Genetically modified rice varieties developed in China are close to approval for agricultural cultivation and production. However, so far no method has been reported for specific detection of transgenic varieties of this crop. In the present study, rice seeds assumed to consist of field-tested Bt rice ('Anti-pest Shanyou 63' and 'Anti-pest Jinyou 63') were used as reference material to determine transgenic DNA sequences. The transition between the cryIA(b) and cryIA(c) fusion gene and the nopaline synthase terminator (nos) sequence was used to develop a construct-specific real-time PCR based detection method. This Bt rice specific detection system was combined with a recently published quantitative real-time PCR method for the rice-specific (Oryza sativa L.) reference gene gos9. The complete PCR assay for detection of transgenic Bt rice was in-house validated and the limit of quantification was found to be below 0.1% Bt rice relative to the rice content. Application of the PCR assay should allow more precise detection of transgenic rice varieties in imported food products which are so far not approved in the EU.

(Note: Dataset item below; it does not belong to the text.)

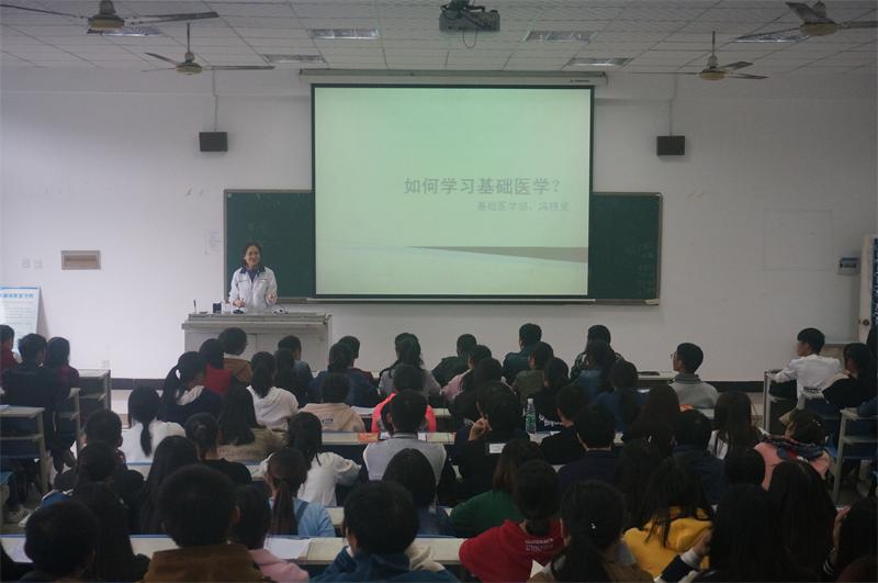 冯老师凭着自己丰富的教学经验,结合案例生动地讲述了怎样学习基础医学课程,如何形成自己的“专业思维”,并同时向同学们提出几点建议:1.目标明确:对自己未来职业要有明确的定位,没有时间去迷茫。需要明确目前的每一门基础医学课程能为你带来哪些职业帮助。2.不断学习,积累知识,即使学习任务很重,也要找好平衡点、选择点。
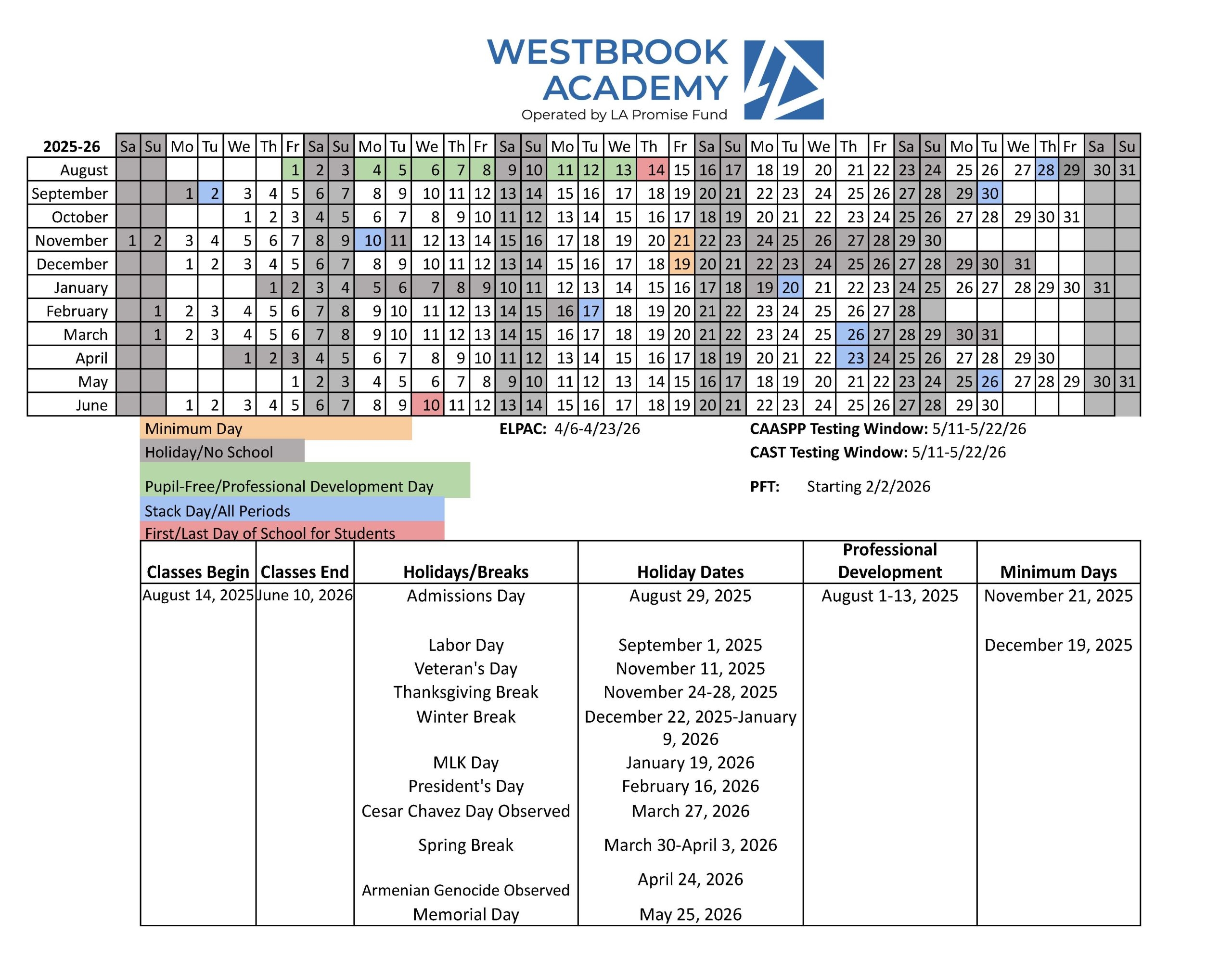 Academic Calendar WestBrook Academy

机译:中国开发的转基因水稻品种已接近批准用于农业种植和生产。但是,到目前为止,还没有报道专门检测这种农作物转基因品种的方法。在本研究中,假定由经过实地测试的Bt水稻组成的水稻种子(“ Anti-Pest Shanyou 63”和“ Anti-Pest Jinyou 63”)用作确定转基因DNA序列的参考材料。利用cryIA(b)和cryIA(c)融合基因与胭脂碱合酶终止子(nos)序列之间的过渡来开发基于构建体的实时PCR检测方法。该Bt水稻特异检测系统与最近发布的针对水稻特异(Oryza sativa L.)参考基因gos9的定量实时PCR方法结合使用。内部验证了用于检测转基因Bt水稻的完整PCR分析方法,发现定量限相对于大米含量低于0.1%Bt水稻。 PCR检测方法的应用应允许更精确地检测进口食品中的转基因水稻品种,而到目前为止,欧盟尚未批准该品种。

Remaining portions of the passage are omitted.